Metabolic disorders are often associated with typical odors that can be identified in exhaled breath, sweat, or other human excrements. Ammonia odor, which is associated with renal diseases, and acetone odor, which is associated with diabetes, are two examples.
Image Credit: mi_viri/Shutterstock.com
Advancements in materials, sensors, electronics, and signal processing technologies have led to an exponential increase in the implementation and advancement of e-noses in recent decades. In many areas of science and industry, e-noses are used to analyze, identify, distinguish, categorize, and evaluate gas components or odors, among other things, and are of interest for a variety of applications.
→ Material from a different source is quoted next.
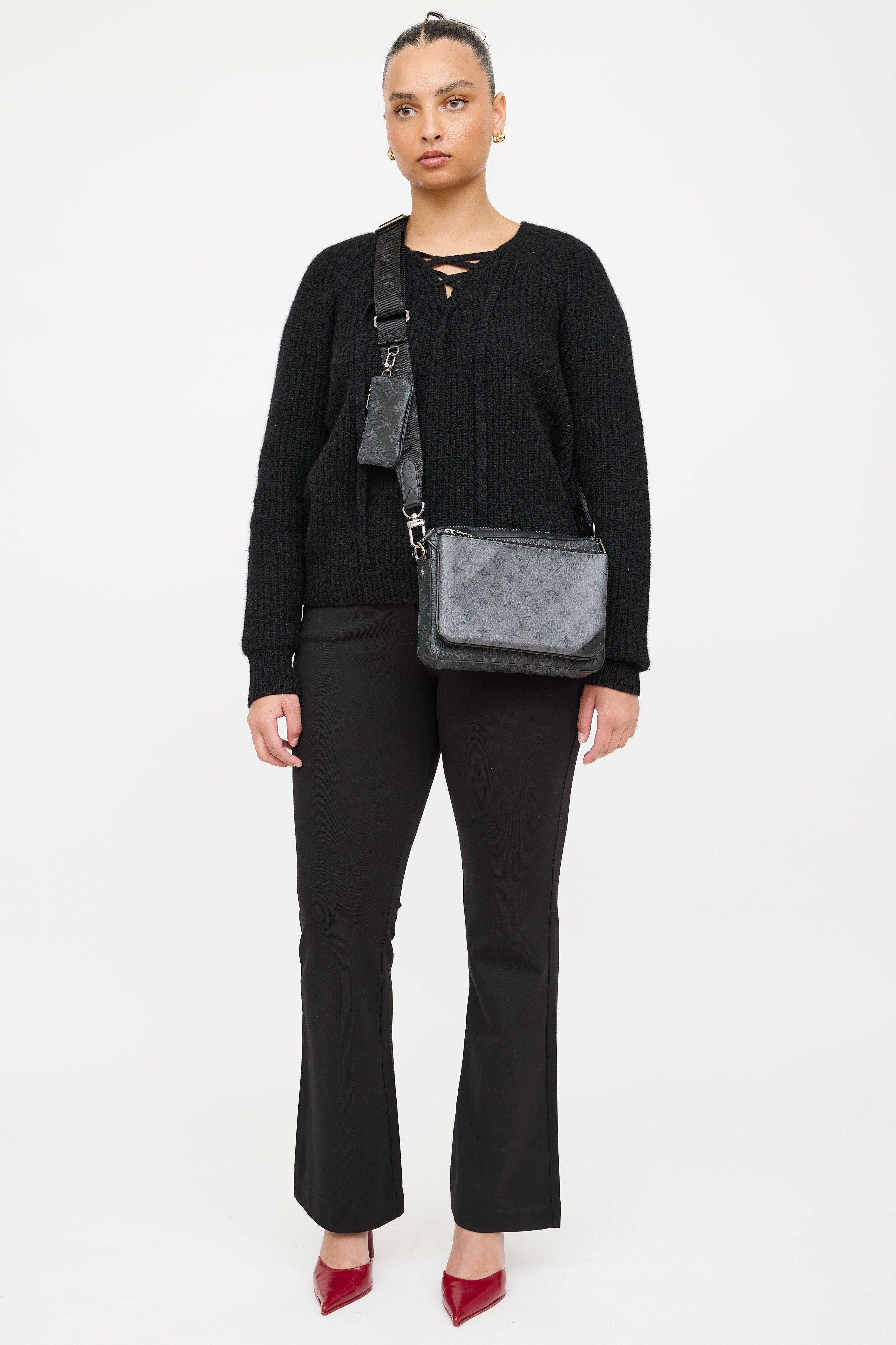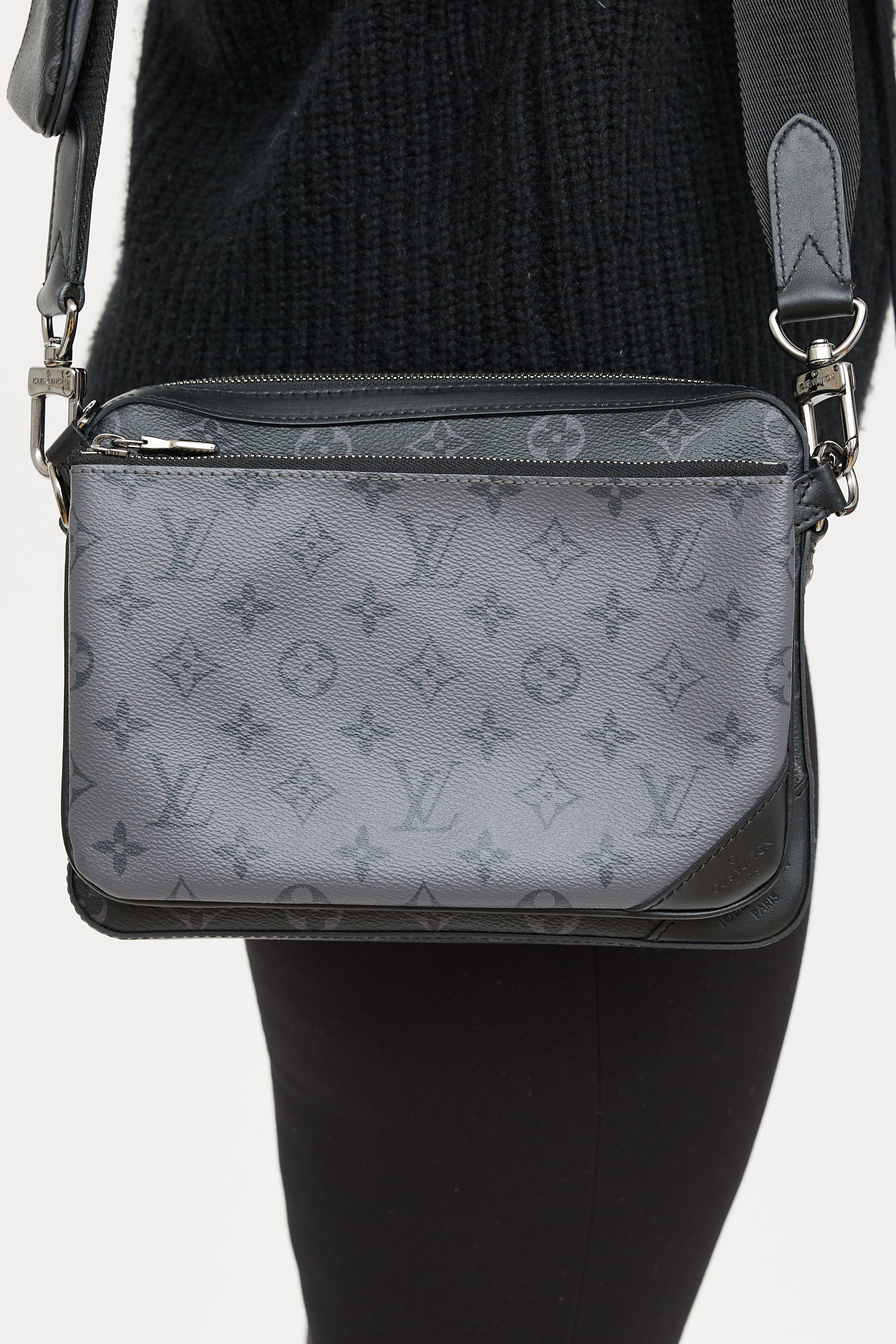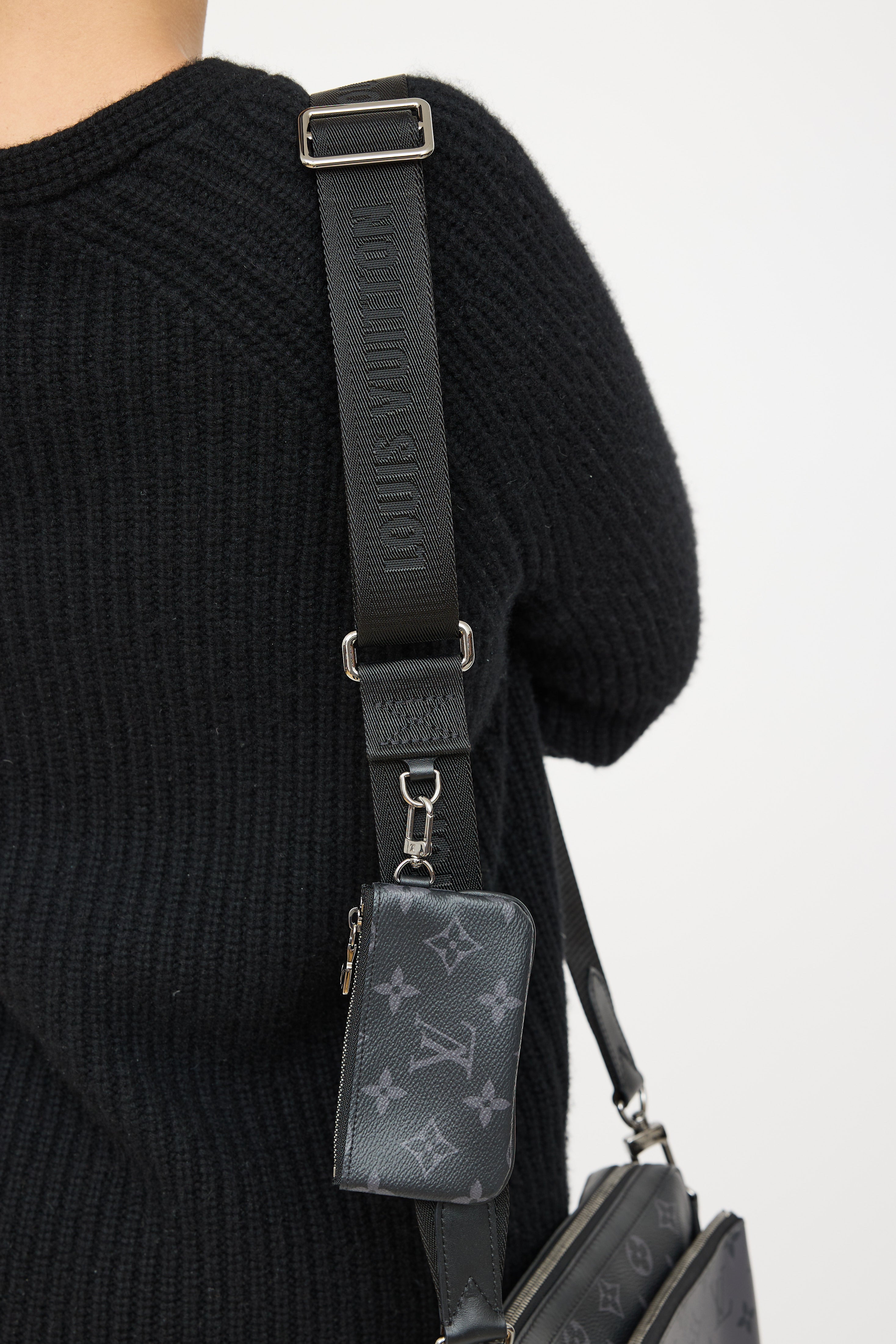 Pre-owned Louis Vuitton black Eclipse Trio messenger bag in monogram coated canvas featuring a grey reverse monogram removable zip pouch at front, one main compartment with one slip pocket, removable webbed shoulder strap with reverse monogram coin pouch, debossed logo at corner, and top zip closure.

For instance, in the food and beverage industry, e-noses are used to track production and define the quality of the finished product, while in pharmaceutical science, e-noses are used for formulation development and quality confirmation, as well as for air quality monitoring. Furthermore, e-noses are used in agriculture, water management, medicine, security systems, and a variety of other fields.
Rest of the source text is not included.